**Task prompt**
Copy the listing in full and exactly, omitting its images.

**Input data**
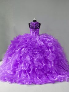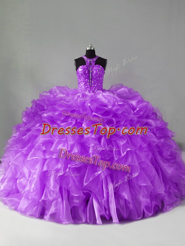 Classical Purple Halter Top Neckline Beading and Ruffles Vestidos de Quinceanera Sleeveless Zipper
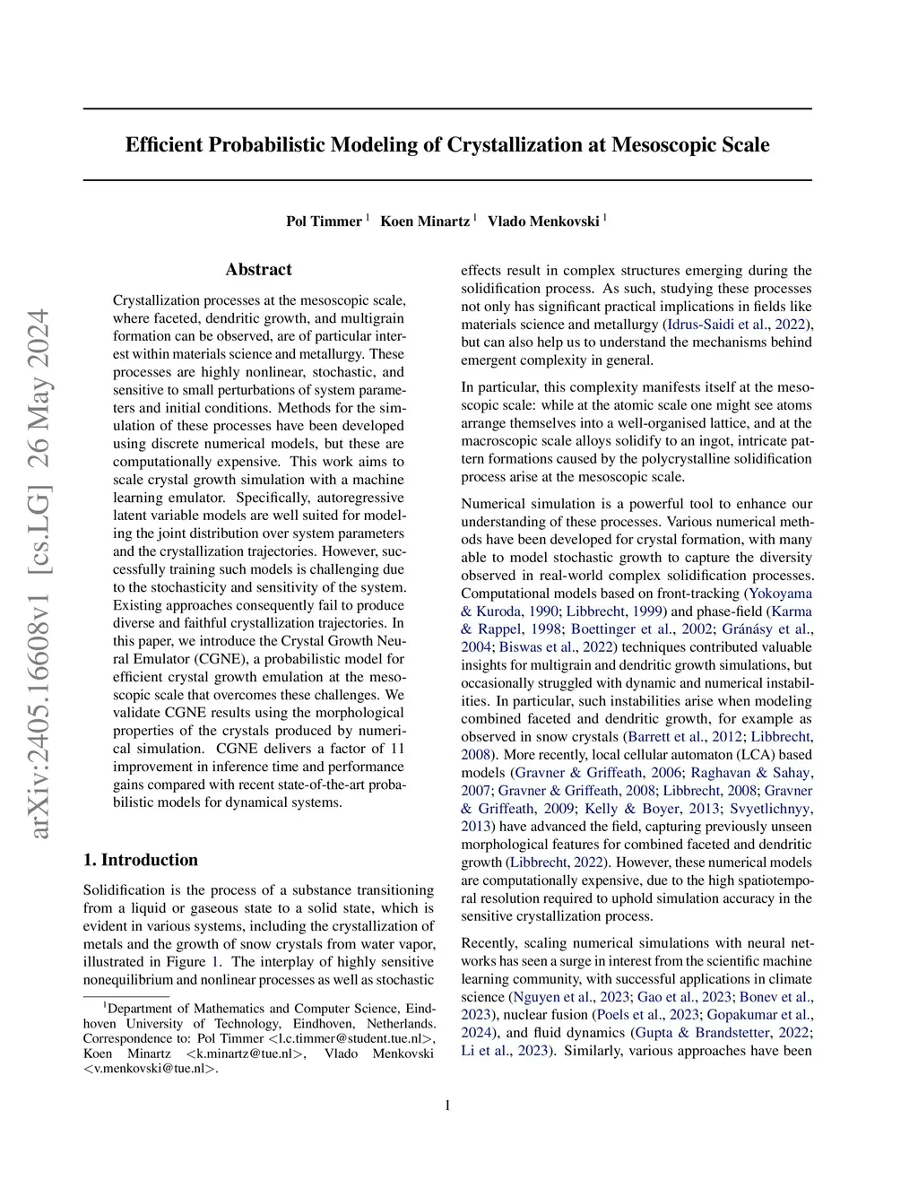 Crystallization processes at the mesoscopic scale, where faceted, dendritic growth, and multigrain formation can be observed, are of particular interest within materials science and metallurgy. These processes are highly nonlinear, stochastic, and sensitive to small perturbations of system parameters and initial conditions. Methods for the simulation of these processes have been developed using discrete numerical models, but these are computationally expensive. This work aims to scale crystal growth simulation with a machine learning emulator. Specifically, autoregressive latent variable models are well suited for modeling the joint distribution over system parameters and the crystallization trajectories. However, successfully training such models is challenging due to the stochasticity and sensitivity of the system. Existing approaches consequently fail to produce diverse and faithful crystallization trajectories. In this paper, we introduce the Crystal Growth Neural Emulator (CGNE), a probabilistic model for efficient crystal growth emulation at the mesoscopic scale that overcomes these challenges. We validate CGNE results using the morphological properties of the crystals produced by numerical simulation. CGNE delivers a factor of 11 improvement in inference time and performance gains compared with recent state-of-the-art probabilistic models for dynamical systems.
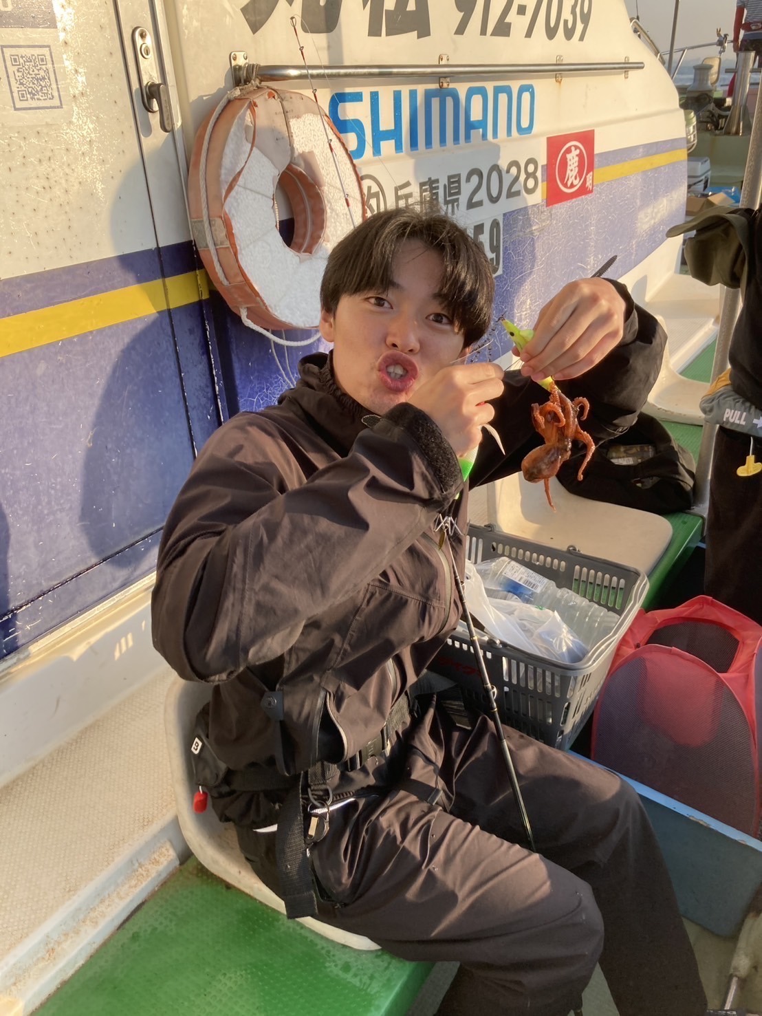 朝イチから出船して、最初のポイントでは潮の流れも緩く、タコの反応も良好でした!丁寧にボトムを探っていると穂先が「ググッ」と重たくなるような押さえ込まれる感触、「これか‼︎」とフッキング。無事に人生初のタコをゲットしました!

**Output**
 Classical Purple Halter Top Neckline Beading and Ruffles Vestidos de Quinceanera Sleeveless Zipper
 Crystallization processes at the mesoscopic scale, where faceted, dendritic growth, and multigrain formation can be observed, are of particular interest within materials science and metallurgy. These processes are highly nonlinear, stochastic, and sensitive to small perturbations of system parameters and initial conditions. Methods for the simulation of these processes have been developed using discrete numerical models, but these are computationally expensive. This work aims to scale crystal growth simulation with a machine learning emulator. Specifically, autoregressive latent variable models are well suited for modeling the joint distribution over system parameters and the crystallization trajectories. However, successfully training such models is challenging due to the stochasticity and sensitivity of the system. Existing approaches consequently fail to produce diverse and faithful crystallization trajectories. In this paper, we introduce the Crystal Growth Neural Emulator (CGNE), a probabilistic model for efficient crystal growth emulation at the mesoscopic scale that overcomes these challenges. We validate CGNE results using the morphological properties of the crystals produced by numerical simulation. CGNE delivers a factor of 11 improvement in inference time and performance gains compared with recent state-of-the-art probabilistic models for dynamical systems.
 朝イチから出船して、最初のポイントでは潮の流れも緩く、タコの反応も良好でした!丁寧にボトムを探っていると穂先が「ググッ」と重たくなるような押さえ込まれる感触、「これか‼︎」とフッキング。無事に人生初のタコをゲットしました!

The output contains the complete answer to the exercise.